I don't want to relive that day, a day that began with a telephone call that woke me up and ended with me watching a nighttime scene of what used to be the site of a number of buildings a familiar part of the skyline I grew up seeing looking like something out of Dante's "Inferno."

I said to someone in the newsroom at one point, "I just keep waiting for the alarm clock to go off, or to see the words The End' and the lights come up." I didn't want it to be real. But it was.

"How We've Changed" is the general theme of the media's look back, and I think it's redundant to use valuable space and newsprint to tell readers that. Things have changed in our world.
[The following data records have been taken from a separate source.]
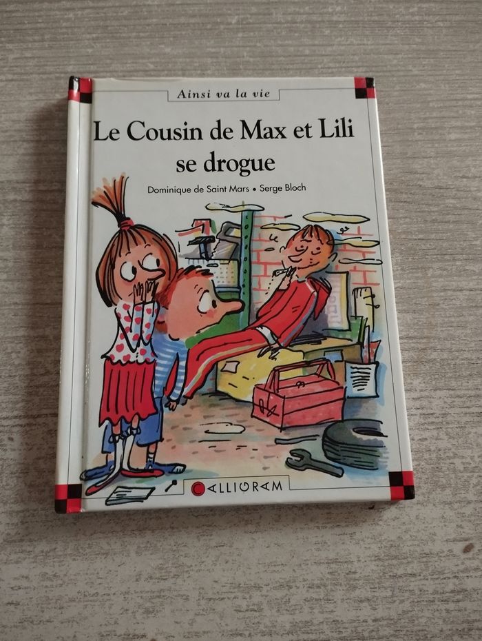 BD Max et Lili t.61 "Le cousin de Max et Lili se drogue". Tranche du livre un peu jaunie.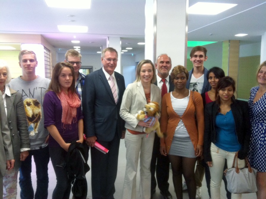 Dr. Kristina Schröder hat auf Einladung von Johannes Singhammer die Bundesfreiwilligendienstler und FSJ-ler besucht. Demnächst steht der 100.000 Bundesfreiwilligendienstler an. Johannes Singhammer schenkte der Ministerin zur Erinnerung einen bayerischen Löwen für die kleine Tochter Lotta.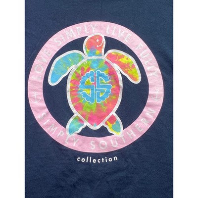 Keywords: Simply Southern, T-shirt, Turtle, Tie Dye, Navy Blue, Womens, Casual, Short Sleeve, Graphic Tee, Summer, Beach, Comfortable, Relaxed Fit, Large, L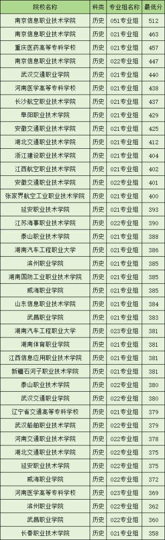分?jǐn)?shù)線比較低的還有延安職業(yè)技術(shù)學(xué)院022專業(yè)組(375分)、威海職業(yè)學(xué)院022專業(yè)組(372分)、河南醫(yī)學(xué)高等??茖W(xué)校023專業(yè)組(369分)、濱州職業(yè)學(xué)院022專業(yè)組(362分)、武昌職業(yè)學(xué)院022專業(yè)組(360分)。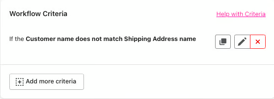 This criteria will compare the first name and last name entered as the billing details against the first name and last name of the shipping address. If they are different, then the workflow will match and any tags you have specified will be applied to the order.
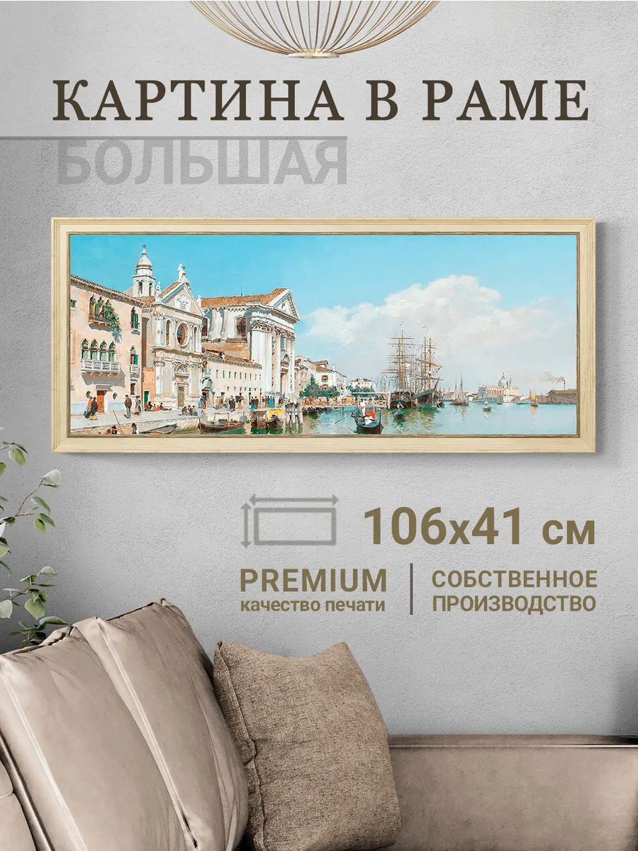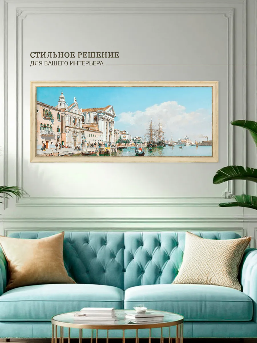Картина напечатана на натуральном холсте, покрыта лаком. Холст наклеен на ХДФ, чтобы избежать провисания. Размер по холсту 100*40 см, размер картины с рамой 106*46 см. Картина будет прекрасно смотреться как самостоятельно, так и в композиции с другими картинами этой коллекции.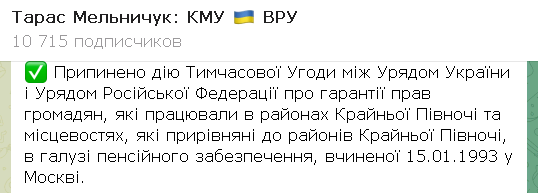 "Прекращено действие временного соглашения между правительством Украины и правительством Российской Федерации о гарантиях прав граждан, работавших в районах Крайнего Севера и местностях, приравненных к районам Крайнего Севера, в области пенсионного обеспечения", - написал он.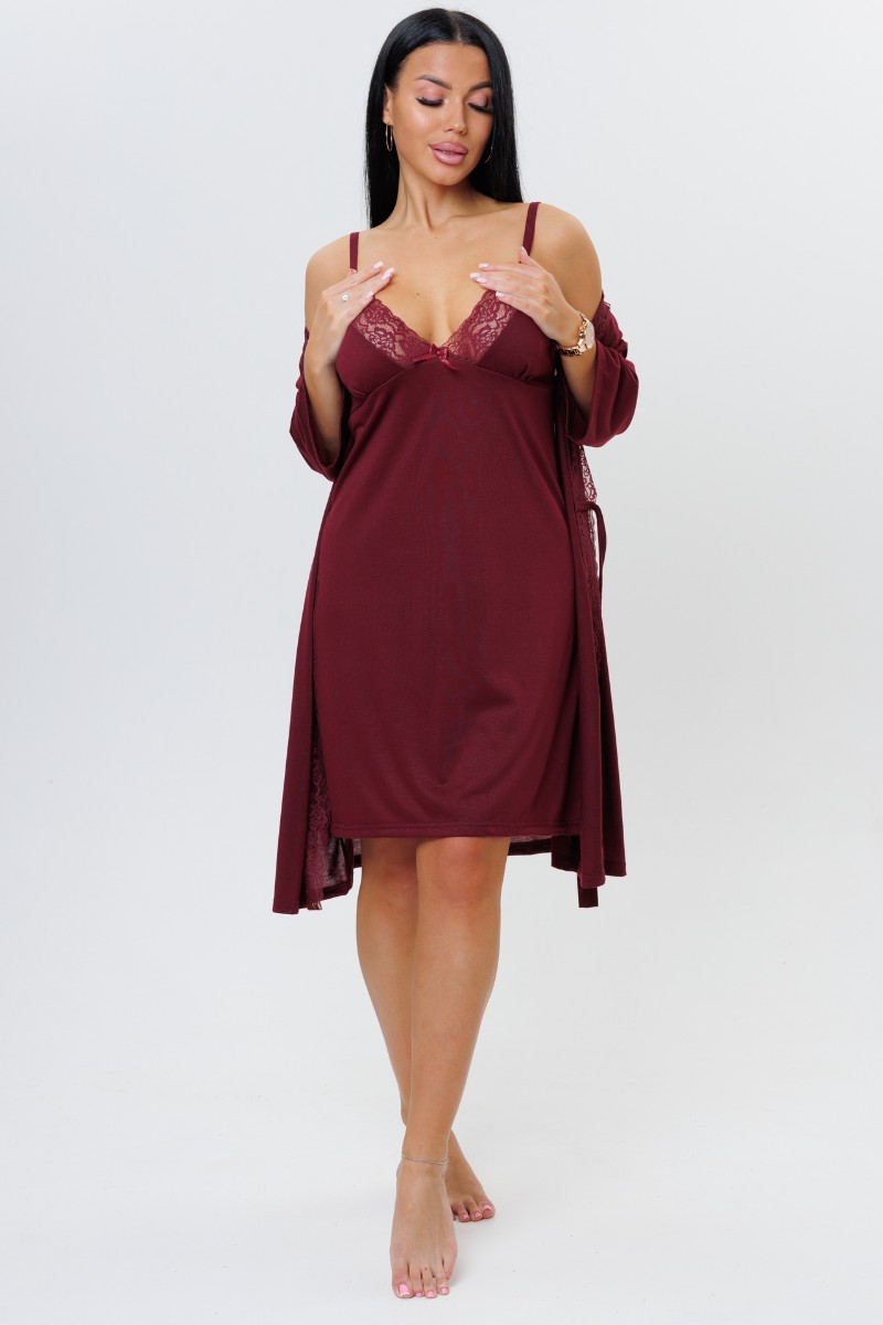 Пеньюар двойка женский №2103 вискоза (р-ры: 46-56) бордовый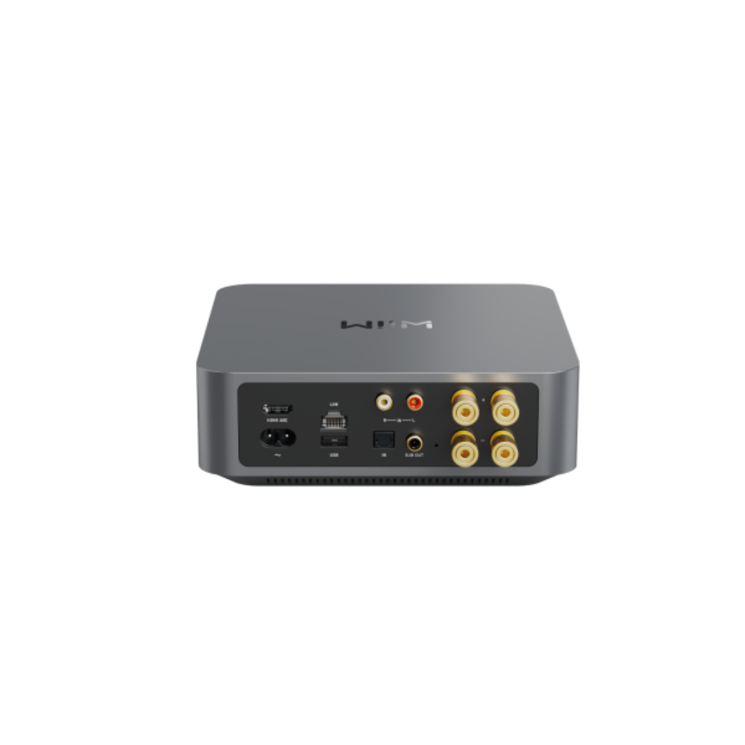 Der Class-D-Verstärker mit 60 Watt pro Kanal (8 Ohm) oder 120 Watt pro Kanal (4 Ohm) liefert High-Fidelity-Sound auch an anspruchsvolle Lautsprecher. Er bietet einen analogen (RCA), einen digitalen optischen Anschluss, HDMI ARC und eine nahtlose Wiedergabe von hochauflösender Musik mit bis zu 24 Bit/192 kHz, um Ihren Fernseher, Plattenspieler, CD-Player oder eine andere Audioquelle in die digitale Welt zu bringen. Der USB-Port dient zum Anschluss externer Speichermedien: Greifen Sie auf Ihre persönliche Medienbibliothek zu und verwenden Sie sie als Medienserver für andere WiiM-Geräte.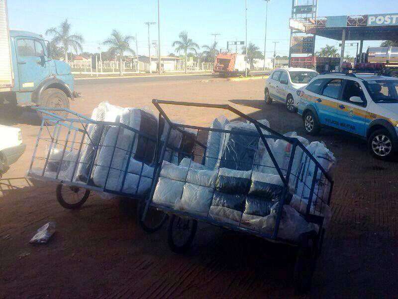 Uma nova diligência foi feita no pátio de um posto de combustível às margens da BR-262, na Avenida Ranulpho Marques Leal, no bairro Jardim Alvorada e mais uma vez, os fiscais encontraram outros dois carrinhos com cobertores e travesseiros.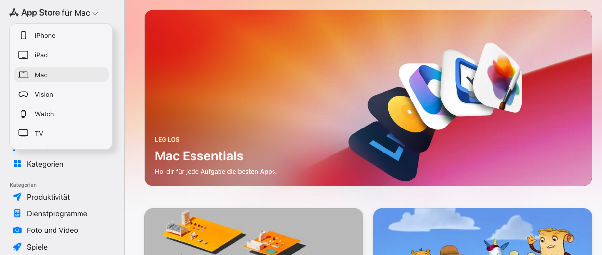 durchstöbern – und zwar in allen sechs Ausführungen, nämlich für iPhone, iPad, Mac, Vision Pro, Apple Watch und das Apple TV.

All around us, we see the growth in suspicion, fear and mistrust.

We're more cynical than we were on Sept. 10, 2001. We've seen the aftermath of an unimaginable tragedy: the lives ruined, the lives lost, the tears, the suffering and the sadness.

But we have also heard stories of bravery and selfless courage. I've said it before and I'll say it again: For all the babble about how people in America are so self-centered and evil because they want a good life for themselves, a look at the events of Sept. 11 shows that we can rise to the occasion when need be.

Rescue personnel knew they were needed, and many paid the ultimate price for their dedication.

We've seen people try, in their own way, to heal the unhealable wounds. People who've never been to New York or ridden the elevator to the observation deck of the World Trade Center gave for those who call the city home. People who have never been to the Pentagon gave to help the families of those who died there.

And the story of a very brave group of people who may have prevented another devastating attack, and died in a field in Pennsylvania, has inspired a nation.

The thousands of victims, aboard the four flights and in the towers and the Pentagon, were the real heroes of that day. They died with their murderers, and we need to recommit ourselves to the punishment of the leaders of those monsters who decided that their version of reality trumps all others.

The families of those people who died should just be left alone to grieve in private. We know they're in pain, and you the reader or viewer know they're in pain. You don't need to open the newspaper or turn on the TV to find that out.